The proper way to use a jam nut, and a look at engineering drawing texts
The jam nut, a locking device for nuts, is illustrated on p. 164, Fig. 382A, of the 5th edition of French, and on p. 530, Fig. 42A, of the 11th edition (see References). This illustration is, I believe, in error: the thinner nut should be on the bottom, the regular nut on top. It is remarkable that this illustration survived so many editions without notice, and probably has caused many engineers to put the jam nut on top. It looks "logical" to put the thinner nut on top, but this is misleading.
The idea of a jam nut is to cause the two nuts to press on the threads in opposite directions, so that the thread is stretched between them, and this stretch is not relieved if the nuts should turn slightly on the bolt, so that unscrewing is discouraged. If this condition does not exist, and it usually will not be if the thinner nut is on top and tightened second, then the top nut and after it the lower nut can loosen without restraint, and there will be no locking action. Two nuts in this case are not much better than one. The proper connection is made by tightening the jam nut snugly first, then tightening the upper nut so tightly that the stress on the jam nut is reversed as the bolt strains. The two nuts could be the same thickness, but it saves space if the lower one is thinner. The thinner nut must counter only part of the compressive force of the regular nut, which does double duty. It is surprisingly difficult to find illustrations of a jam nut used properly, or torque specifications. This is also a matter that is of no interest to the academic engineer, who only talks about locknuts and does not actually use them.
This matter caused me to consult the two editions of French that I had on hand. This classic text is, in my opinion, perhaps the best engineering drawing text ever written. It is interesting to compare the two editions. The fifth edition had 433 pages, while the eleventh was expanded to 787 pages. The later edition had more and larger illustrations, and added, among other things, a good chapter on manufacturing methods, and a chapter on engineering design. The mention of design was necessary at the time, when it was hoped that following some procedural framework could compensate for a lack of good sense.
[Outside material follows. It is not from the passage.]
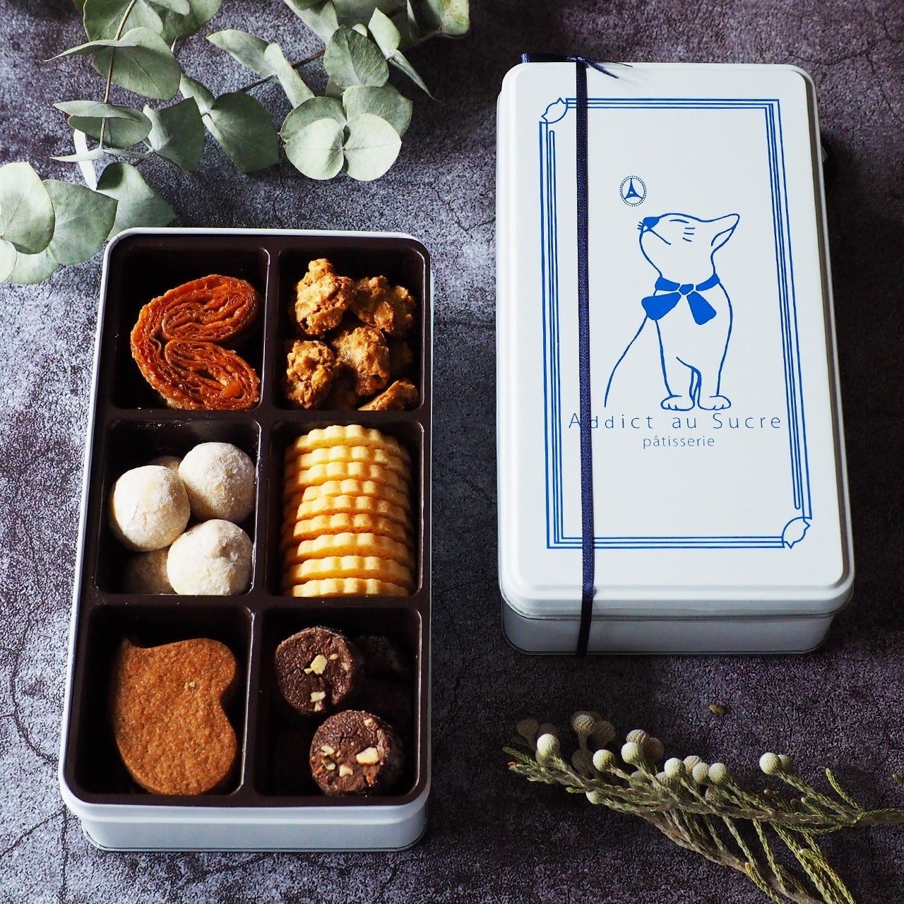 オーナーシェフの愛猫をモチーフにしたデザイン缶に6種の焼き菓子が入ったクッキー缶です。
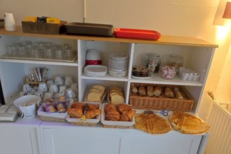 Viennoiseries du jour, pain croustillant, confitures bretonnes et jus de fruits variés.

Pictorial drawing and sketching were actually de-emphasized, and line shading was eliminated. The distinction between third-angle and first-angle projection also was not mentioned in the later edition, so that European drawings will appear strange to the American student. It would not have been too much to say that the views were the same, only placed in different positions. In general, everything mentioned in the later edition was also present in the earlier one, so that the earlier text would be just as useful and complete as the later.
One interesting improvement is in the methods of drawing open and crossed belts between two circles. The fifth edition presented exact geometrical constructions, but the later an effective shorthand method. In this method, the direction of the tangents can easily be estimated with a triangle, which can then be used to find the exact points of tangency by using the right angle. This is quicker than the earlier way, and gives good results.
The later edition did not yet mention computer drafting, which has become very important in industry. Contrary to popular belief, computer drafting is actually more difficult than drawing with instruments, and places greater reliance on geometrical methods and descriptive geometry. The great difference is that the result is machine-readable and machine-plottable, easily modified, and benefits from all the advantages of computer handling (such as transferring details between different drawings, use of standard parts, or making 3-dimensional representations). On the other hand, computer drafting does not involve the manual activity that is such a valuable accompaniment to drawing with instruments and sketching. Indeed, the relation to sketching, a valuable tool for the designer, is totally absent. The novice draftsman on a computer is far more likely to create drawings that are largely useless in the shop.
Computer drafting and machine plotting does away with the inking of drawings, which was necessary for making good copies. Inking was always the hardest part of mechanical drawing for the novice, though with practice it was not hard to do, and the result was pleasing. Modern drafting pens made it somewhat easier, but the older ruling pen was not hard to use. The elimination of inking requires less skill in draftsmen, so they can be paid less, always a prime consideration.
There is a field of drawing that is intermediate between T-square or computer drafting and sketching, and that is not well presented in French (or any other text). This method uses "engineering paper" ruled in 1/10-inch or millimetre squares on one side; the other side is used for drawing, where the ruling shows faintly and is a guide to drawing horizontal and vertical lines. Triangles are used in pairs to draw parallel and perpendicular lines, just as with a drafting machine. Circles are drawn with compasses. Leads should be F or H, somewhat softer than for drawing on a drawing board. Good results can be obtained from sketches with freehand straight lines to accurate drawings, and very little equipment is required.
T. E. French, A Manual of Engineering Drawing for Students and Draftsmen, 5th ed. (New York: McGraw-Hill, 1935).
T. E. French and C. J. Vierck, Engineering Drawing and Graphic Technology, 11th ed. (New York: McGraw-Hill, 1972).